Rule 144(k) means Rule 144(k) as promulgated under the Securities Act, or any successor rule.
Rule 144(k) means subsection (k) of Rule 144 under the Act.
Rule 144(k) means Rule 144(k) promulgated by the SEC pursuant to the Securities Act, as such rule may be amended from time to time, or any similar rule or regulation hereafter adopted by the SEC having substantially the same purpose and effect as such rule.

Examples of Rule 144(k) in a sentence

  • We agreed to keep this prospectus effective until the earlier of (i) the date on which the shares may be resold by the Selling Stockholders without registration and without regard to any volume limitations by reason of Rule 144(k) under the Securities Act or any other rule of similar effect or (ii) all of the shares have been sold pursuant to this prospectus or Rule 144 under the Securities Act or any other rule of similar effect.

  • The Company agrees to cooperate with the Purchaser in connection with all resales pursuant to Rule 144(d) and Rule 144(k) and provide legal opinions necessary to allow such resales provided the Company and its counsel receive reasonably requested representations from the selling Purchaser and broker, if any.

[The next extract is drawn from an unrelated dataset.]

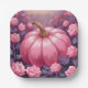 Pink Pumpkin Rose Floral Halloween Thanksgiving Holiday Design Paper Plates
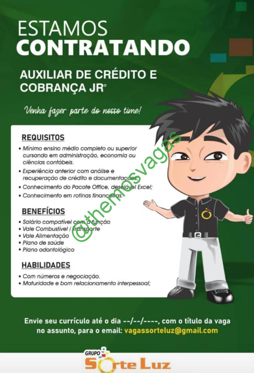 –  Interessados(as) e que atendam ao perfil solicitado acima, devem enviar o currículo  para o e-mail vagassorteluz@gmail.com, contendo no título/assunto “Auxiliar de Crédito e Cobrança – FOR“.

  • The Company shall include in such registration statement all or any part of such Registrable Securities such holder requests to be registered; provided, however, that the Company shall not be required to register any Registrable Securities pursuant to this Section 7(d) that are eligible for sale pursuant to Rule 144(k) of the Securities Act.

  • If all or any portion of a Debenture or Warrant is converted or exercised (as applicable) at a time when there is an effective registration statement to cover the resale of the Underlying Shares, or if such Underlying Shares may be sold under Rule 144(k) or if such legend is not otherwise required under applicable requirements of the Securities Act (including judicial interpretations thereof) then such Underlying Shares shall be issued free of all legends.

  • In connection with any transfer of Securities other than pursuant to an effective registration statement or to the Company or pursuant to Rule 144(k), except as otherwise set forth herein, the Company may require the transferor to provide to the Company an opinion of counsel selected by the transferor, the form and substance of which opinion shall be reasonably satisfactory to the Company, to the effect that such transfer does not require registration under the Securities Act.


More Definitions of Rule 144(k)

Rule 144(k) means Rule 144(k) promulgated under the Securities Act and any successor provision thereto.
Rule 144(k) means Rule 144(k) under the Securities Act.
Rule 144(k) means Rule 144(k) under the Securities Act or any successor rule.
Rule 144(k) means Rule 144(k) as promulgated under the Securities Act.
Rule 144(k) shall have the meaning set forth in Section 2(e)(iii).
Rule 144(k) means Rule 144(k) as promulgated under the Securities Act, as amended, or any successor rule.
Rule 144(k) has the meaning assigned thereto in Section 1(aa).